Not unlike many companies in the U.S. this year, office supplies cataloger/retailer Office Depot has seen better fiscal times. Given the company’s recent announcements, including shuttering 9% of its North American stores and cutting 2,200 jobs during the next three months, consolidation of facilities appears imminent.
Brian Levine, the company’s vice president of corporate communications, says Office Depot is “faced with conducting business in a difficult economic environment. As a result, we must ensure our supply chain network can provide the highest level of service to our customers at the lowest total cost to the business.”
Total company sales for the third quarter decreased 7%, to $3.7 billion. What’s more, Office Depot reported a third-quarter net loss of $7 million, compared to net income of $117 million for the same period in 2007. Same-store sales in the 1,203 stores in the U.S. and Canada that have been open for more than one year decreased 14% in the third quarter.

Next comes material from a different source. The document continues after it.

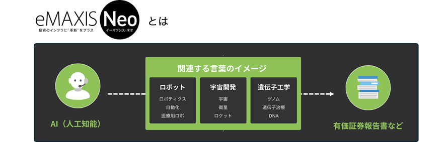 「eMAXIS Neoシリーズ」は、米国上場企業へ投資するインデックスファンドです。 AIの先駆者「Kenshoテクノロジーズ」の技術を活用した指数への連動を目指します。Kenshoテクノロジーズの指数は、AI(人工知能)が数百万ページ以上の企業の開示資料等を自動で読み込み、テーマに関連するコトバの有無を基本に銘柄を自動で選び出します。AIだから、銘柄の取りこぼしが少なく、テーマの恩恵を十分に享受することが期待されます。

In addition to closing 112 stores in the next three months and 14 during 2009, Office Depot plans to close six of its 33 distribution facilities in North America. “After careful consideration and analysis, we have made the decision to reconfigure our network and consolidate operations into fewer buildings,” Levine explains.
The company’s long-term plan, he adds, is to “reduce the total number of facilities and combine our separate supply chain systems. We will convert to combination facilities that have pick/pack and flow-through capabilities to efficiently serve both retail stores and b-to-b customers.”